### WHAT THIS TASK INVOLVES
An exact copy of every record, with no pictures, please.
= = = = = = =
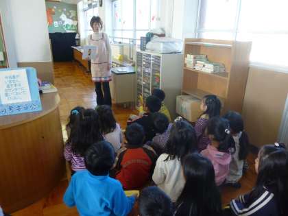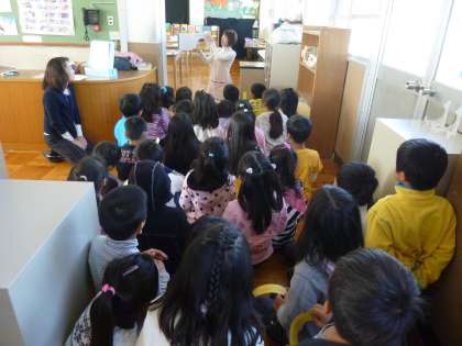選びながら、お手伝いしていただいているお家の方から、本を読んでもらう場面もありました。
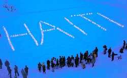 這次祝福祈愿燭火會是由國際大學的留學生會組織的。大家在校園內(nèi)的一塊空曠的雪地上用點燃的蠟燭拼寫出一個大大的“HAITI”,并一起為在海地大地震中遭遇不幸的人們祈禱祝福,追悼亡靈。
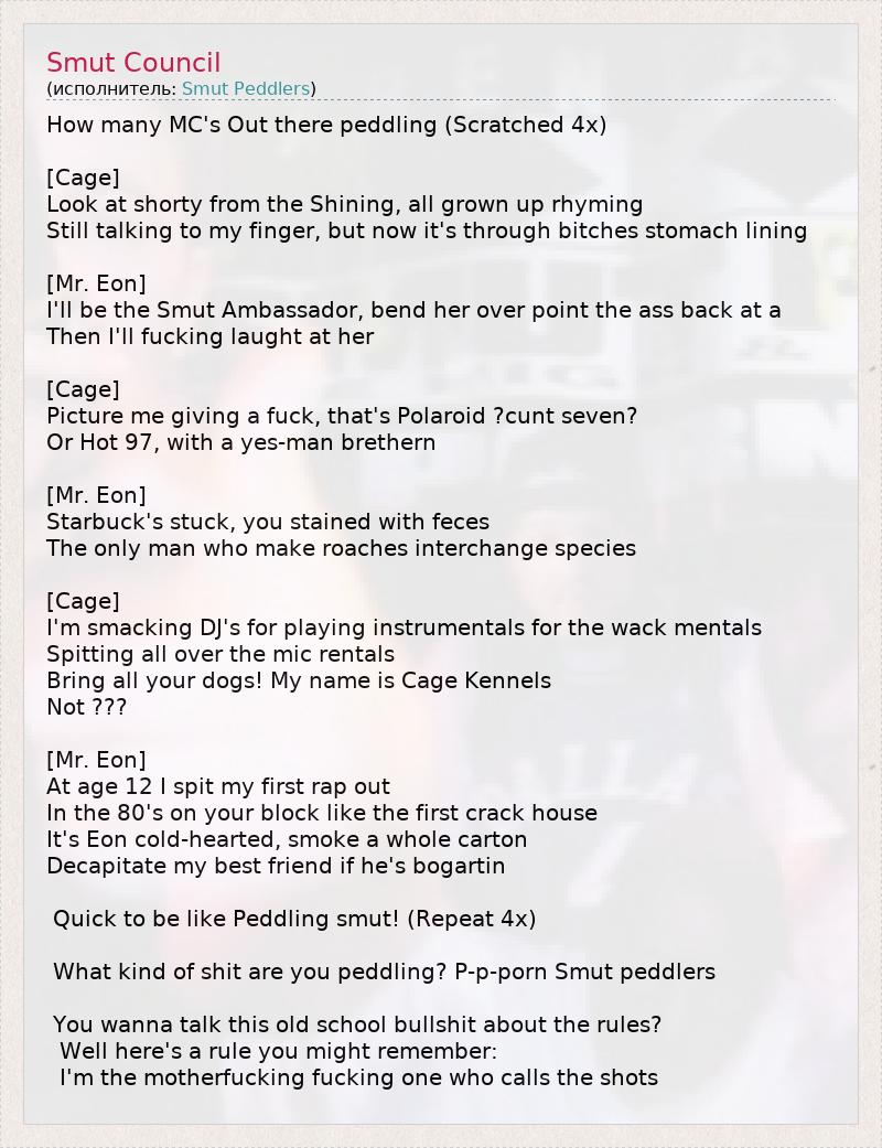 How many MC's Out there peddling (Scratched 4x) [Cage] Look at shorty from the Shining, all grown up rhyming Still talking to my finger, but now it's through bitches stomach lining [Mr. Eon] I'll be the Smut Ambassador, bend her over point the ass back at a Then I'll fucking laught at her [Cage] Picture me giving a fuck, that's Polaroid ?cunt seven? Or Hot 97, with a yes-man brethern [Mr. Eon] Starbuck's stuck, you stained with feces The only man who make roaches interchange species [Cage] I'm smacking DJ's for playing instrumentals for the wack mentals Spitting all over the mic rentals Bring all your dogs! My name is Cage Kennels Not ??? [Mr. Eon] At age 12 I spit my first rap out In the 80's on your block like the first crack house It's Eon cold-hearted, smoke a whole carton Decapitate my best friend if he's bogartin Quick to be like Peddling smut! (Repeat 4x) What kind of shit are you peddling? P-p-porn Smut peddlers You wanna talk this old school bullshit about the rules? Well here's a rule you might remember: I'm the motherfucking fucking one who calls the shots
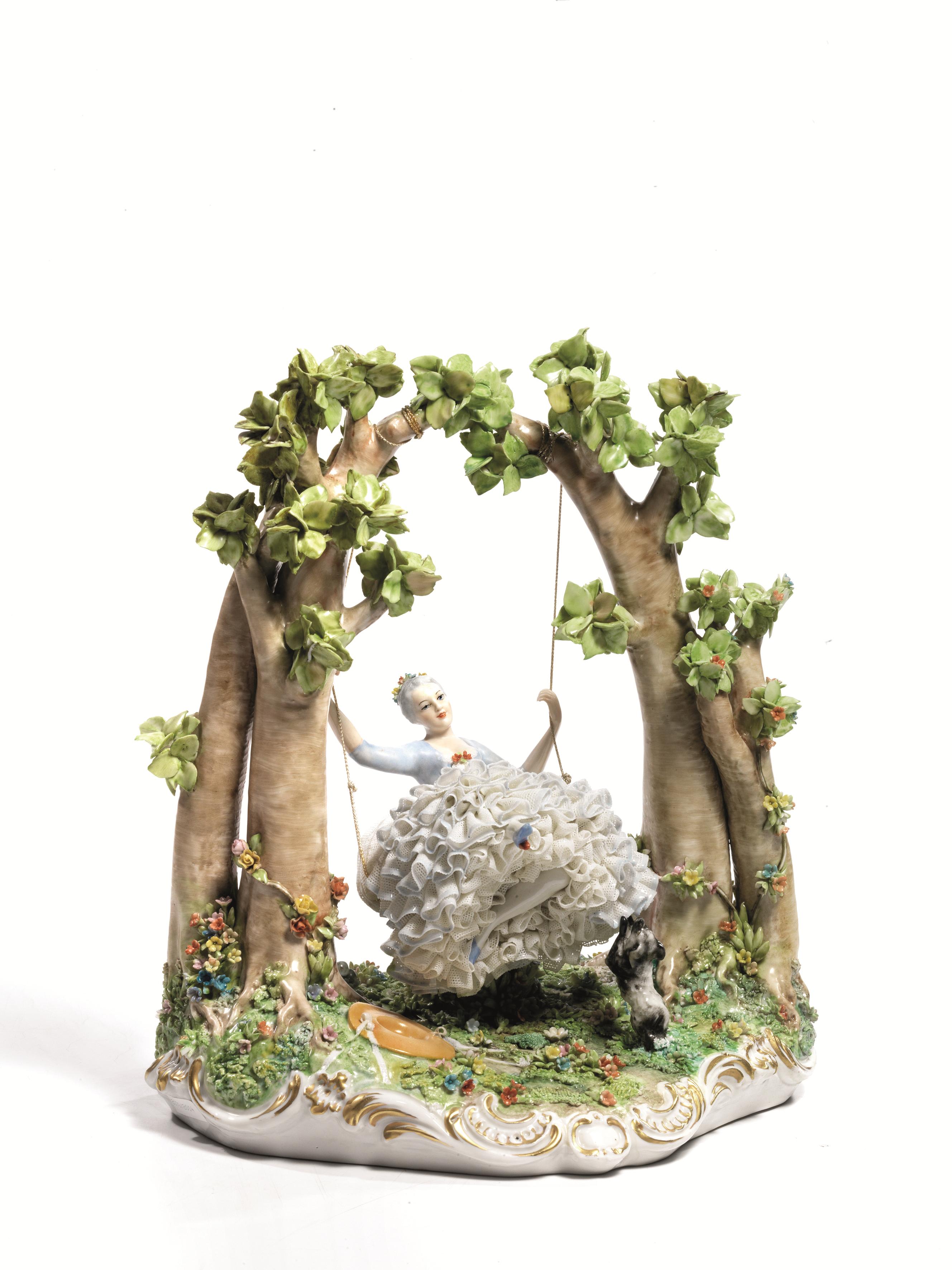 Lotto 32 | FANCIULLE SULL'ALTALENAManifattura Fabris, Bassano-Milano Gruppo in ceramica...
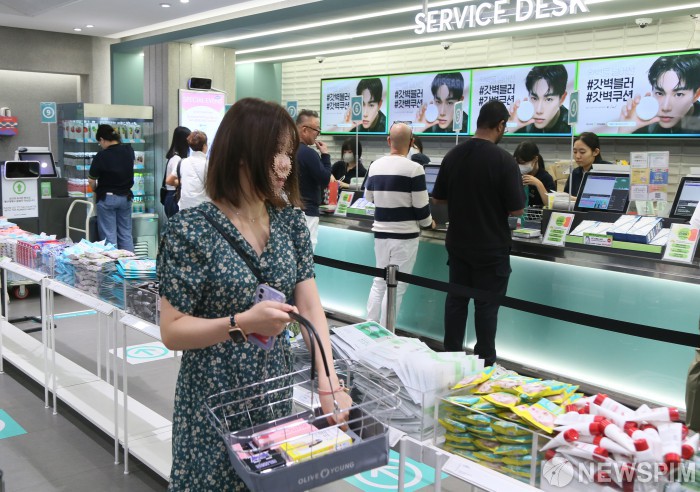 [서울=뉴스핌] 양윤모 기자 = 코로나 앤데믹이후 최근 1년새 방한 관광객 5배 늘었다는 통계가 발표된 4일 서울 명동을 찾은 동남아 관광객등 외국관광객들이 명동'올리브영'매장에서 쇼핑바구니를 들고 화장품과 다얄한 제품의 쇼핑을 즐기고 있다. 2023.07.04yym58@newspim.com
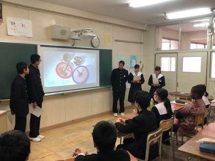 後半は各班に分かれてさまざまなテーマで日本について天王寺中学校の生徒から留学生に向けてのプレゼンテーションを行いました。
= = = = = = =
### OUTPUT FOR THIS EXERCISE
選びながら、お手伝いしていただいているお家の方から、本を読んでもらう場面もありました。
 這次祝福祈愿燭火會是由國際大學的留學生會組織的。大家在校園內(nèi)的一塊空曠的雪地上用點燃的蠟燭拼寫出一個大大的“HAITI”,并一起為在海地大地震中遭遇不幸的人們祈禱祝福,追悼亡靈。
 How many MC's Out there peddling (Scratched 4x) [Cage] Look at shorty from the Shining, all grown up rhyming Still talking to my finger, but now it's through bitches stomach lining [Mr. Eon] I'll be the Smut Ambassador, bend her over point the ass back at a Then I'll fucking laught at her [Cage] Picture me giving a fuck, that's Polaroid ?cunt seven? Or Hot 97, with a yes-man brethern [Mr. Eon] Starbuck's stuck, you stained with feces The only man who make roaches interchange species [Cage] I'm smacking DJ's for playing instrumentals for the wack mentals Spitting all over the mic rentals Bring all your dogs! My name is Cage Kennels Not ??? [Mr. Eon] At age 12 I spit my first rap out In the 80's on your block like the first crack house It's Eon cold-hearted, smoke a whole carton Decapitate my best friend if he's bogartin Quick to be like Peddling smut! (Repeat 4x) What kind of shit are you peddling? P-p-porn Smut peddlers You wanna talk this old school bullshit about the rules? Well here's a rule you might remember: I'm the motherfucking fucking one who calls the shots
 Lotto 32 | FANCIULLE SULL'ALTALENAManifattura Fabris, Bassano-Milano Gruppo in ceramica...
 [서울=뉴스핌] 양윤모 기자 = 코로나 앤데믹이후 최근 1년새 방한 관광객 5배 늘었다는 통계가 발표된 4일 서울 명동을 찾은 동남아 관광객등 외국관광객들이 명동'올리브영'매장에서 쇼핑바구니를 들고 화장품과 다얄한 제품의 쇼핑을 즐기고 있다. 2023.07.04yym58@newspim.com
 後半は各班に分かれてさまざまなテーマで日本について天王寺中学校の生徒から留学生に向けてのプレゼンテーションを行いました。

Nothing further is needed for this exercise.